マトリックス支援レーザー脱着/イオン化後のジュニュクレオシドポリリン酸塩の同定ソース後の減衰質量分析

多数の生理学的機能を制御するジヌクレオシドポリリン酸塩は、細胞内および細胞外メディエーターのグループです。この研究では、角度イオンマトリックス支援レーザー脱離/イオン化時間照射時間質量分析（MADLI-TOFMS）によって角膜シロールポリリン酸が検査されました。3-ヒドロキシピコリン酸をUV吸収マトリックスとして使用しました。個々のジヌクレオシドポリリン酸AP（n）A（n = 2-7）、Ap（n）g（n = 2-6）およびgp（n）g（n = 2-6）、マルディ留学崩壊（n = 2-6）（n = 2-6）（n = 2-6）（PSD）質量スペクトルを測定しました。MALDI-PSD質量スペクトルの各質量ピークは、ジヌクレオシドポリリン酸塩の個々の断片に割り当てることができます。ここに示されているジヌクレオシドポリリン酸の断片化パターンの比較は、ジヌクレオシドポリリン酸塩が好ましくは、モルディー塊質量群の電界式ドリフト経路での飛行中の対応するモノヌクレオシドポリリン酸および塩基からなる断片イオンに切断することを示しています。したがって、ここで説明するMALDI-PSDアプローチは、他のジヌクレオシドポリリン酸の同定に適しています。現在のMALDI-PSD質量スペクトルは、ジヌクレオシドポリリン酸塩およびその他のヌクレオチドを将来同定するためのMALDI-PSD質量参照スペクトルとして使用できます。

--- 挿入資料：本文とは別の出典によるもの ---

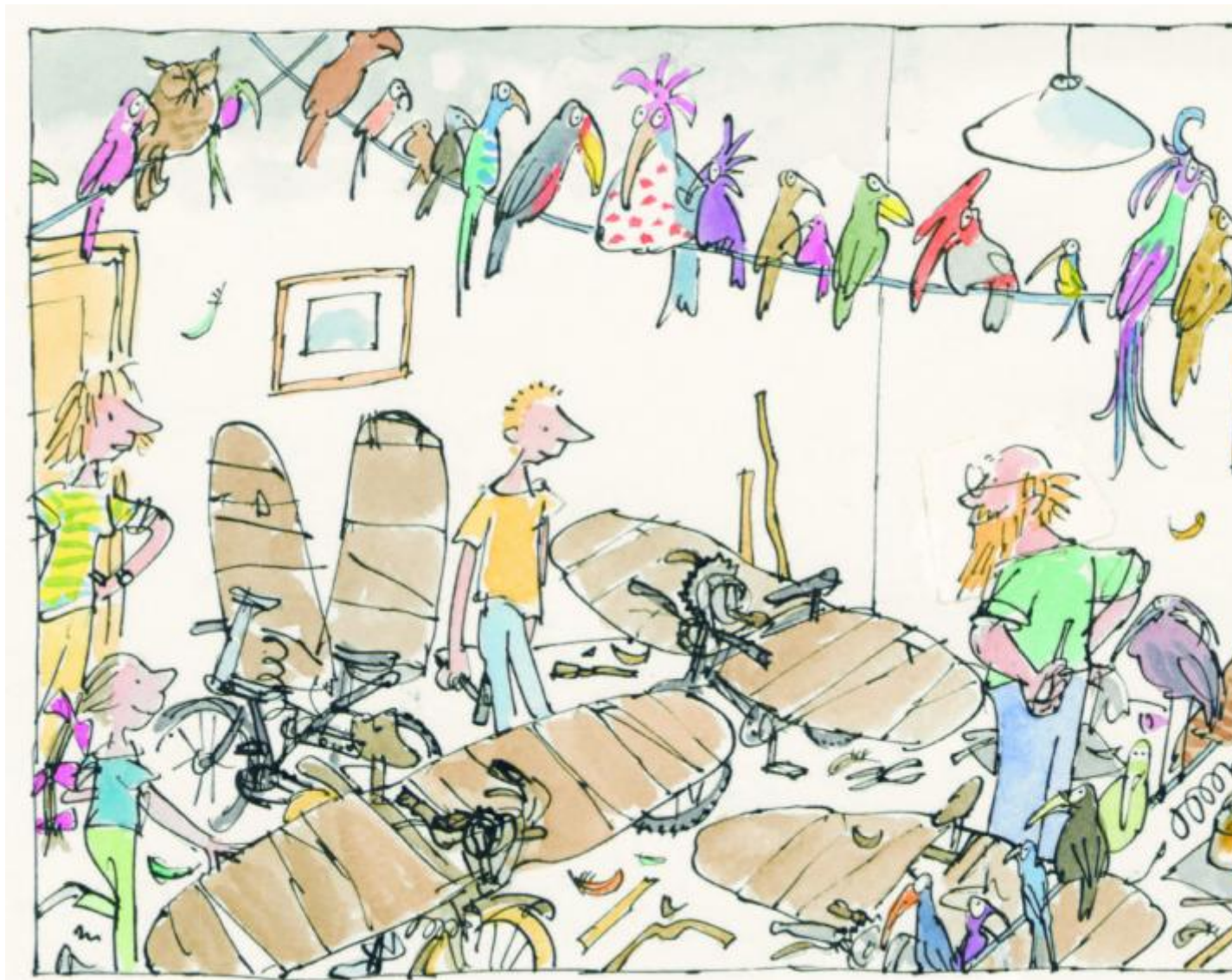
Su nel cielo con gli uccelli, 1995.
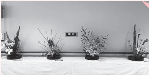
デイサービスセンター (あいあいグループ、にこにこグループ、わくわくグループ)

絵手紙、おとなのぬり絵、アトリエカラフル、クラフトを楽しもう、書の苑、陶芸、華道、押し花教室より
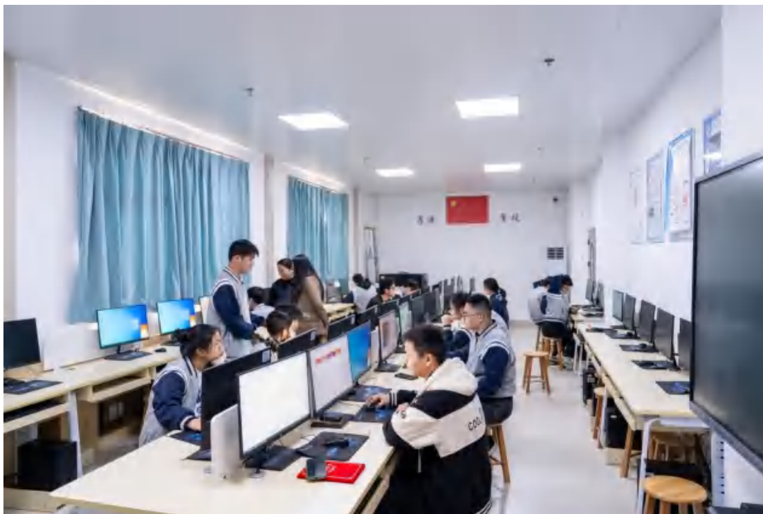
图 3-5 基地实训教室 5

在硬件设备配置方面，公司坚持“适度超前、实用够用”的原则。为合作院校配置了高性能计算机工作站、专业级直播设备、智能仓储管理系统等先进设备。特别是在直播实训室建设上，配备了 4K 摄像机、环形补光灯、绿幕背景等专业设备，满足跨境直播电商的教学需求。所有设备均按照企业真实工作环境的标准进行配置，确保学生能够接触到行业最前沿的技术工具。

Dinucleoside polyphosphates are a group of intra- and extracellular mediators controlling numerous physiological functions. In this study dinucleoside polyphosphates were examined by positive ion matrix-assisted laser desorption/ionisation time-of-flight mass spectrometry (MADLI-TOFMS). 3-Hydroxypicolinic acid was used as UV-absorbing matrix. For the individual dinucleoside polyphosphates Ap(n)A (n = 2-7), Ap(n)G (n = 2-6) and Gp(n)G (n = 2-6), MALDI post-source decay (PSD) mass spectra were measured. Each mass peak in the MALDI-PSD mass spectra could be assigned to individual fragments of dinucleoside polyphosphates. The comparison of the fragmentation patterns of the dinucleoside polyphosphates presented here demonstrates that dinucleoside polyphosphates preferably cleave to fragment ions consisting of the corresponding mononucleoside polyphosphates as well as the corresponding nucleosides and bases during flight in the field-free drift path of the MALDI mass spectrometer. Therefore, the MALDI-PSD approach described here is suitable for identification of other dinucleoside polyphosphates. The present MALDI-PSD mass spectra may be used as MALDI-PSD mass reference spectra for future identification of dinucleoside polyphosphates and other nucleotides.